Приехав в деревню, я пошел в гости к бывшему однокласснику.

Мы сели на лавочке во дворе. Был вечер позднего лета, тихий, уставший… Если бы я был художником и захотел нарисовать этот вечер, то использовал бы только три краски: синюю, желтую и немного серой. Синий туман, желтая стерня и серые сумерки… Такими вечерами почему-то с особенным нетерпением ждешь ночи, тьмы, молодых голосов в конце улицы, девичьего смеха, легких шагов; кажется, что ты и не жил еще, что все у тебя впереди, что и тебя кто-то все еще помнит и ждет…

— Ты бы вот какую историю написал, — начинает одноклассник, хитровато взглянув на меня.

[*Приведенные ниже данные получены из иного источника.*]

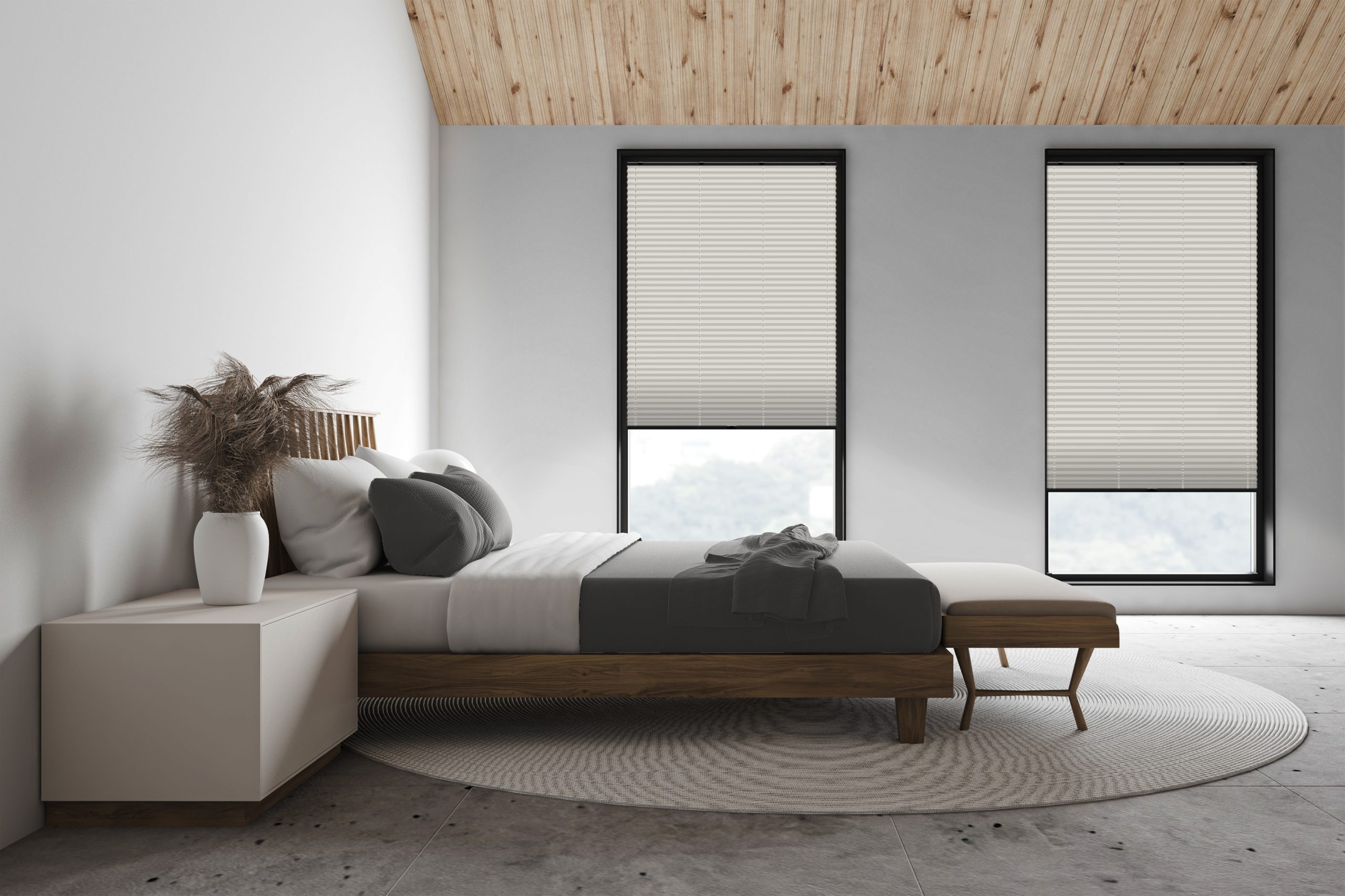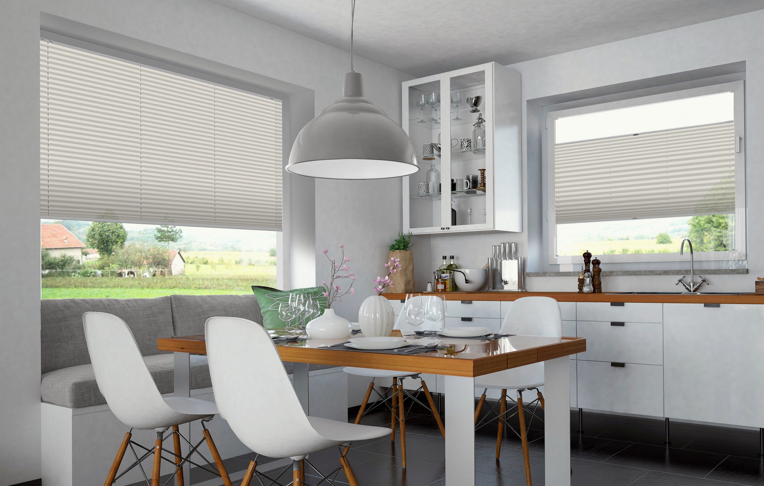 Mit Plissees können Sie jeden beliebigen Teil des Fensters sowohl von oben als auch von unten abdecken. Sehr praktisch, wenn sich der Lauf der Sonne tagsüber ändert oder Sie sich vor neugierigen Blicken schützen wollen. Im hochgezogenen Zustand nehmen Plissees kaum Platz im Fenster ein, sodass Sie bei Bedarf viel Sonnenlicht in Ihre Räume lassen können.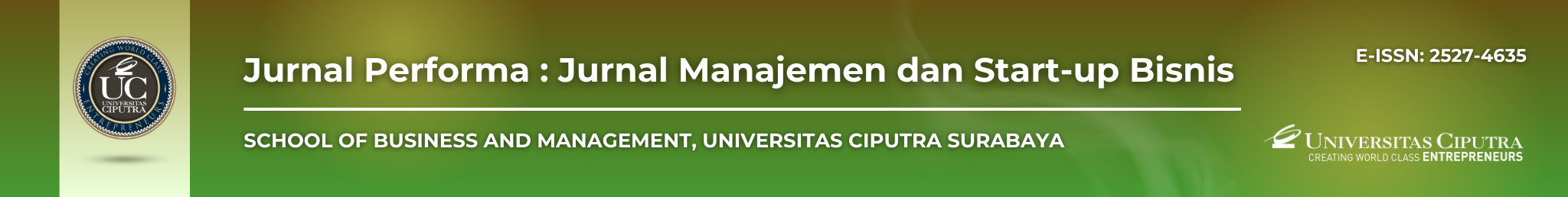 Jurnal Performa: Jurnal Manajemen dan Start-up Bisnis (e-ISSN: 2527-4635) is managed professionally and independently by the School of Business and Management, Universitas Ciputra Surabaya since 2016. This journal publishes three issues in a year in April and August. The aim of this journal is to enhance a better understanding of research-based business management science among academics and researchers. Thus, these researches will give positive contribution and influence to the world of business management science and entrepreneurship.

«Так возьми и напиши», — хочется ответить. Странные люди, откуда эта вера, что писатель перво-наперво должен бросаться на их сюжеты? Ему менее всего это интересно. Писателю нужна деталь, искра: какой-нибудь кленовый сухой лист у дороги, сломанная травинка, трещина в асфальте, случайно услышанная мелодия или даже просто чирканье спички о коробок, — и этого достаточно, чтобы сюжет сам собою «вспыхнул», придумался, и сюжет этот может получиться более реальным, чем любая жизненная история, потому что сфокусирует множество подобных историй…

Но никогда я так не отвечу своему однокласснику. Я буду слушать его. Он — калека. В руках он вертит клюку. У него уже десять лет болит нога.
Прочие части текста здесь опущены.